Until the 1980s, researchers believed that protein enzymes alone catalyzed the chemical reactions essential for cellular survival. Since then, rare RNA catalysts known as ribozymes have emerged, showing biologists that, in addition to storing genetic information, RNA can also catalyze chemical reactions. However, researchers have struggled to explain the full biological story of these elusive RNAs, identifying just 2 classes of ribozymes in the past 25 years.
Using bioinformatics methods, Yale researchers recently tracked down a new class of small self-cleaving ribozymes they call “twister.” Named after its Egyptian “twisted flax” hieroglyph shape, nearly 2700 types of “twisters” reportedly occupy a wide variety of bacterial and eukaryotic species.

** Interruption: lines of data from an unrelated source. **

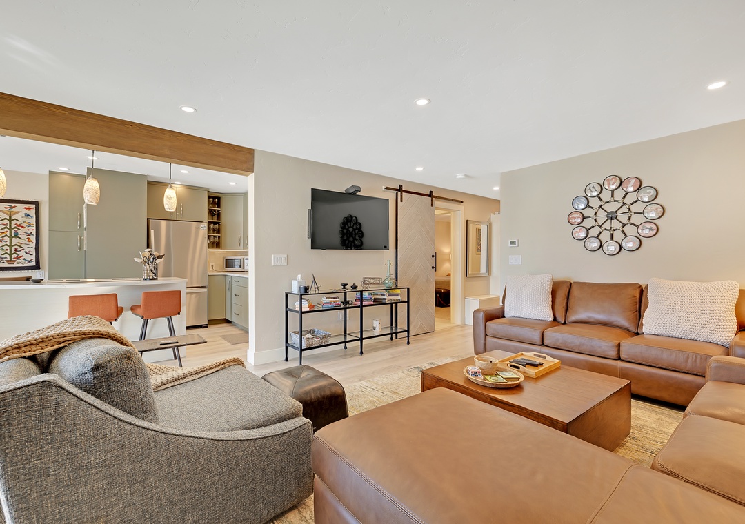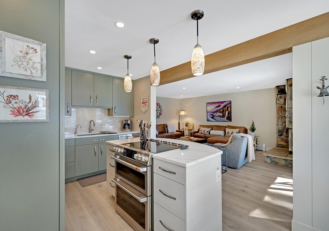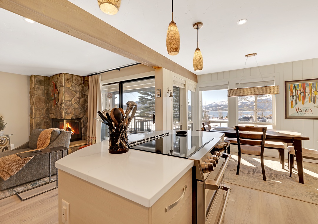 Step inside to discover a fresh, updated space with high-end finishes, contemporary décor, and an open-concept design that makes the most of the stunning views. The living area is bright and inviting, featuring a cozy fireplace, a large flat-screen TV, and comfortable seating, perfect for unwinding after a day on the slopes or trails. Large windows offer picturesque views of Lake Dillon and the surrounding mountains, bringing the outdoors in.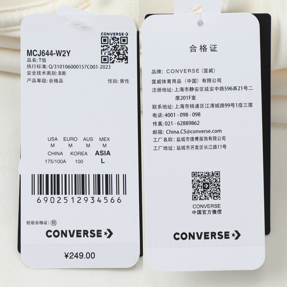 converse匡威2025男子男子-短袖T恤-米针织无领短TMCJ644-W2Y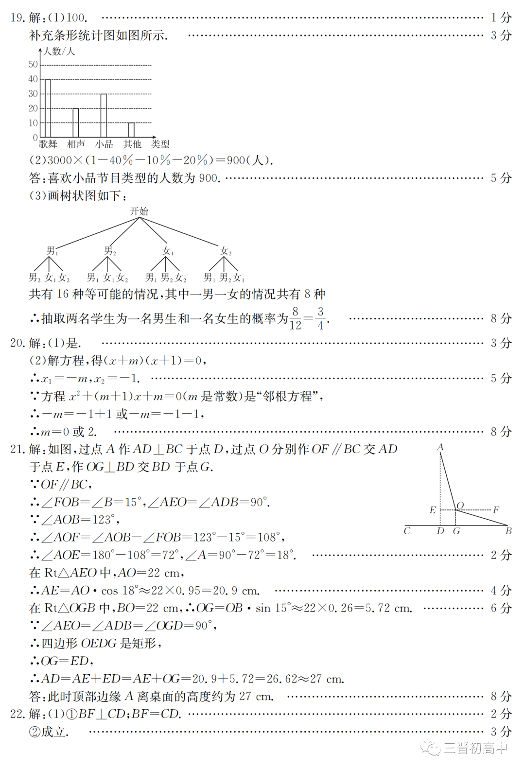 2022山西中考百校联考三全科试题及答案汇总含英语听力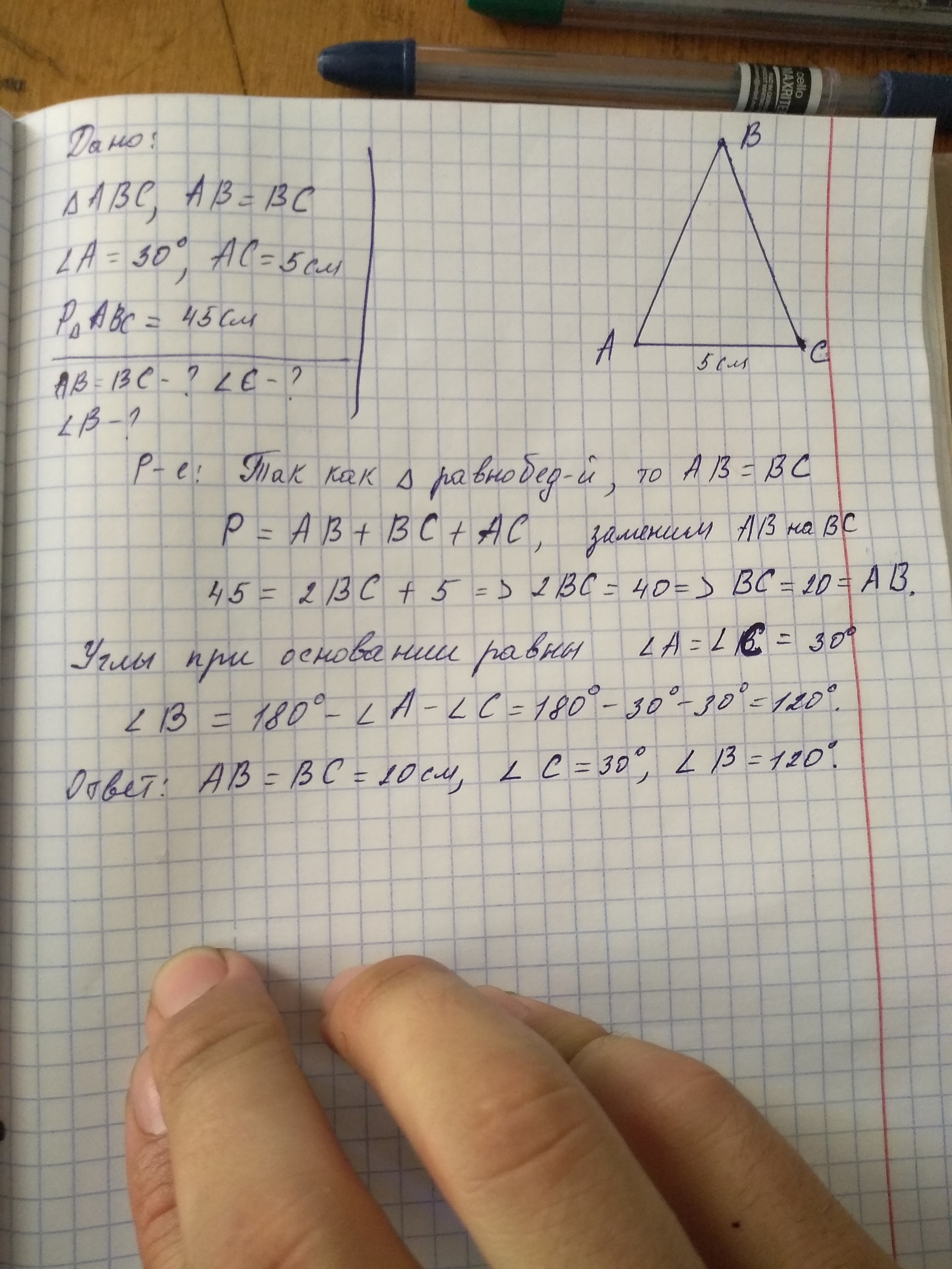 Тогда угол B = 180° - 2*30° = 180° - 60° = 120°

“One could show a bacterium, a parasitic wasp, and a rice plant and see that these things are everywhere,” said Ronald Breaker, a Professor of Molecular, Cellular, and Developmental Biology at Yale University who led the study, which was published in Nature Chemical Biology.
To capture “twister,” Breaker’s group combed through extensive genomic data using algorithms to identify similarly sequenced, highly conserved RNA structures common across different species. The team then identified an unusually shaped RNA structure located near other known self-cleaving ribozymes within different genomes.
“We looked at our bioinformatics data, and we knew where in the genomes this was,” said Breaker. “We knew that there was another type of RNA that had that same pattern, so we were able to guess its function, and we got it.”
Although identified by similar features, Breaker noted that this class of ribozymes functions quite differently from other known types of ribozymes, suggesting that “RNA has many different ways to solve the same problem. That bodes well for the RNA world theory, which holds that at one time RNA was calling all the shots.”
While a picture of that RNA world is currently far from complete, this new approach should introduce several more players. “Now we think we know where to look for self-cleaving ribozymes. We know where they hide, and we are certainly going to find more,” added Breaker.
Roth A, Weinberg Z, Chen AG, Kim PB, Ames TD, Breaker RR. A widespread self-cleaving ribozyme class is revealed by bioinformatics. Nat Chem Biol. 2014 Jan;10(1):56-60.